### Input data
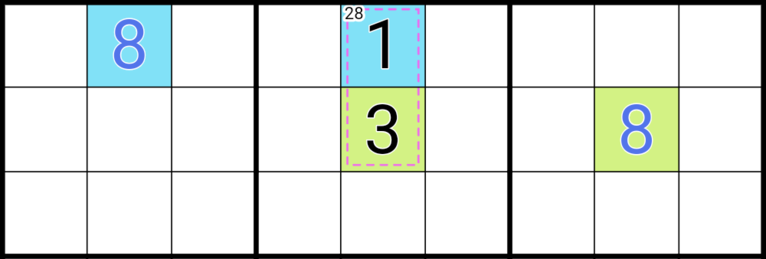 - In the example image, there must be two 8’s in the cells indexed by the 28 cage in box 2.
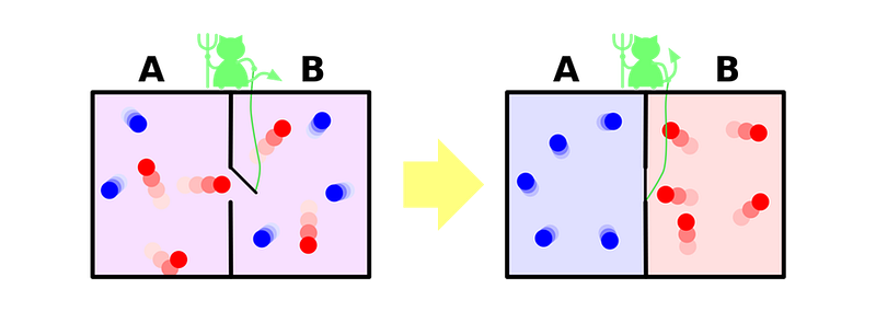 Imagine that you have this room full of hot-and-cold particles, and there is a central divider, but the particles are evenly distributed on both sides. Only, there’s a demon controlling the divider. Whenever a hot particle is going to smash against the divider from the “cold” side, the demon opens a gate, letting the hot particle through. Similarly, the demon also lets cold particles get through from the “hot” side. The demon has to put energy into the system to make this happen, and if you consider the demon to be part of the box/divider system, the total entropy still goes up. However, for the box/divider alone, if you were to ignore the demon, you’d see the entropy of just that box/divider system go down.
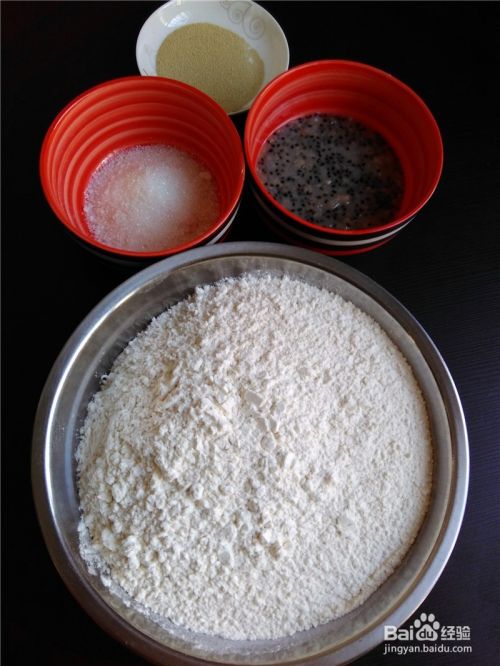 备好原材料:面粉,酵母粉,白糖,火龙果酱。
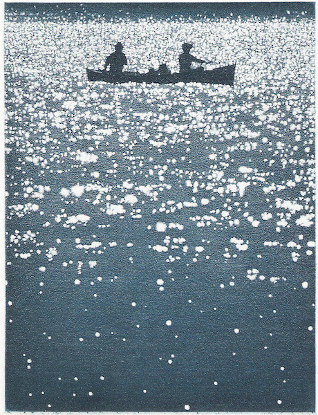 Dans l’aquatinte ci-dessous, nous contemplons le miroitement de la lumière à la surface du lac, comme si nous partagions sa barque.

* * *

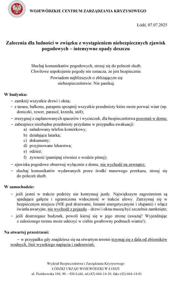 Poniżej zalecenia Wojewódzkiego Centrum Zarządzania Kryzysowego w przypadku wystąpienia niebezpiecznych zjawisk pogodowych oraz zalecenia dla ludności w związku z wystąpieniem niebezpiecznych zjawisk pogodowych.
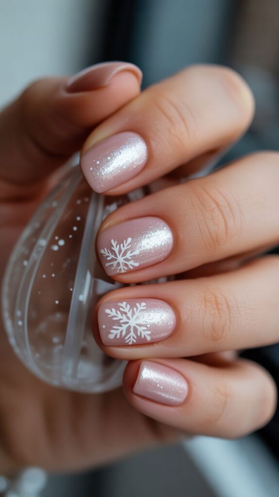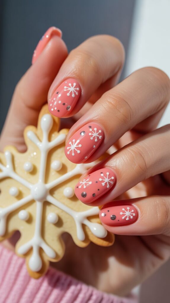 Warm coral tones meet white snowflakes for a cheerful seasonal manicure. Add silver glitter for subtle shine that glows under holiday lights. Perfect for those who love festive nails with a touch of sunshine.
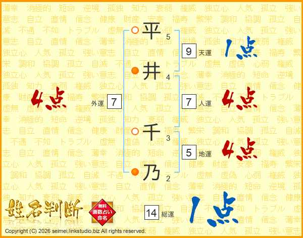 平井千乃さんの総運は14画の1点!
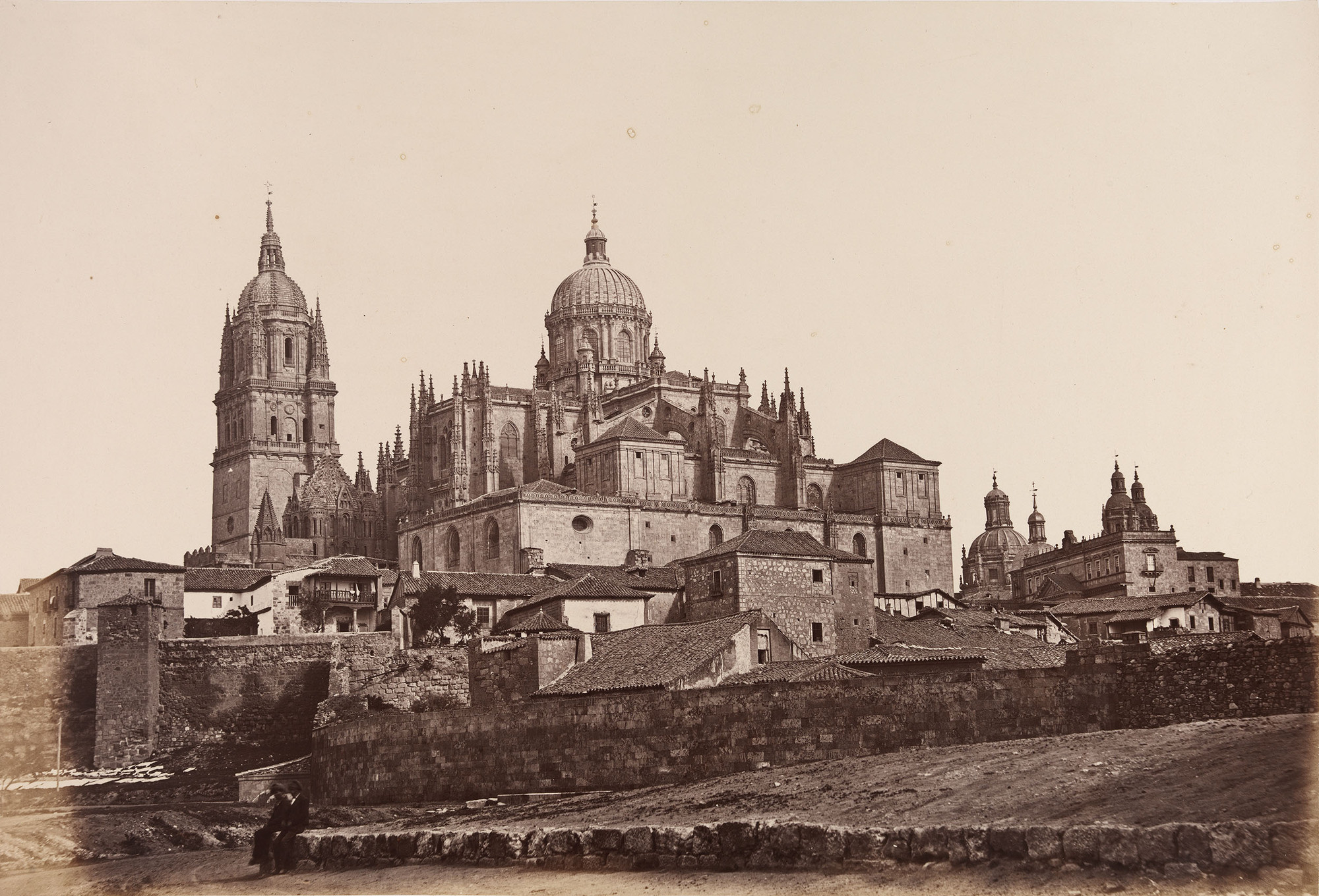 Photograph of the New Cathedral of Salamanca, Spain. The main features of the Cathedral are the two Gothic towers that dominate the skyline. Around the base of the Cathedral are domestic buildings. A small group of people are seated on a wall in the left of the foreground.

### Exercise prompt
For this exercise, please set down exactly the lines of the listing above from the line with "Imagine that you" up to and including the line with "备好原材料:面粉,酵母粉,白糖,火龙果酱。", and no pictures.

### Response for this exercise
 Imagine that you have this room full of hot-and-cold particles, and there is a central divider, but the particles are evenly distributed on both sides. Only, there’s a demon controlling the divider. Whenever a hot particle is going to smash against the divider from the “cold” side, the demon opens a gate, letting the hot particle through. Similarly, the demon also lets cold particles get through from the “hot” side. The demon has to put energy into the system to make this happen, and if you consider the demon to be part of the box/divider system, the total entropy still goes up. However, for the box/divider alone, if you were to ignore the demon, you’d see the entropy of just that box/divider system go down.
 备好原材料:面粉,酵母粉,白糖,火龙果酱。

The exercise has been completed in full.